2. The response validates but is semantically wrong

Schema validation proves shape, not truth. Add eval fixtures with known answers, track per-field accuracy, and use application rules for facts the model cannot infer reliably. For high-risk actions, route low-confidence or security-sensitive outputs to human review.

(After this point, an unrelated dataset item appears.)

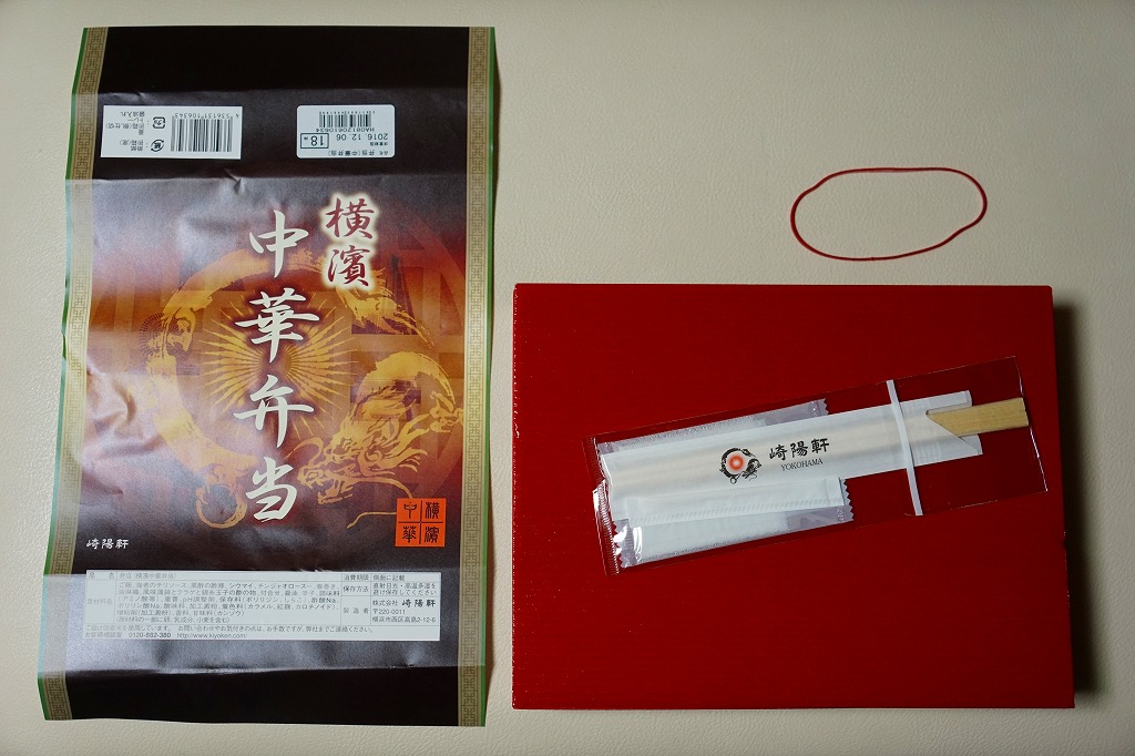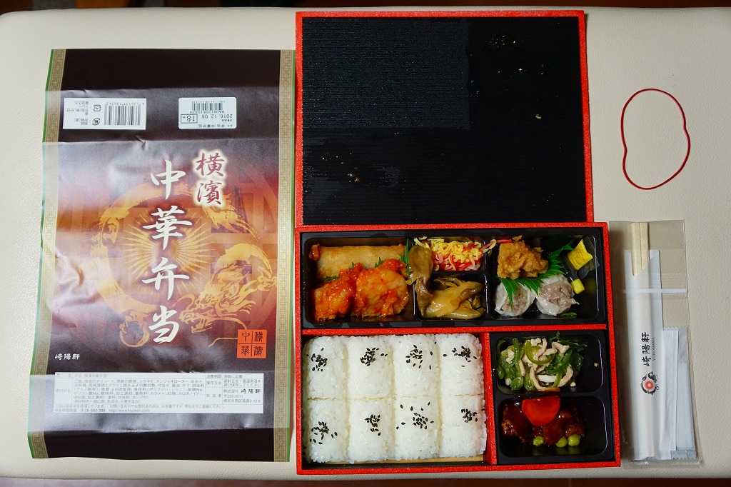 従前の横浜駅弁「横濱中華弁当」を、2014(平成26)年8月1日にリニューアル。中身は俵型に型押しした白御飯、エビチリ、酢豚、チンジャオロース(細切り肉野菜炒め)、ナスと鶏挽肉の炒め物、鶏肉揚、春巻、ザーサイ、クラゲとカニカマと錦糸卵の酢の物、特製シウマイ。黒い容器が赤くなり、掛紙が黒くなり、白御飯が俵型になり、メインでない具がちょっと入れ替わっただけ。あまり変わらないが、これがよい。

3. Retries increase cost without improving success

Stop retrying every failure as if it were transient. Break metrics down by failure type, prompt size, schema version, and model. If validator failures cluster around one field, redesign that field instead of increasing retry count.

What's Next

Once the basic loop is stable, move from ad hoc examples to contract tests and observability. Structured outputs are most valuable when every consumer can prove which schema version it accepted and why a failure was retried or rejected.

1. Add a golden fixture suite for common, adversarial, and empty inputs.
2. Emit metrics for validation failure rate, retry rate, refusal rate, and p95 latency.
3. Store schema versions beside outputs so migrations are auditable.
4. Run canaries before changing prompts, models, or schema fields.
5. Document the contract for downstream teams using examples that pass the validator.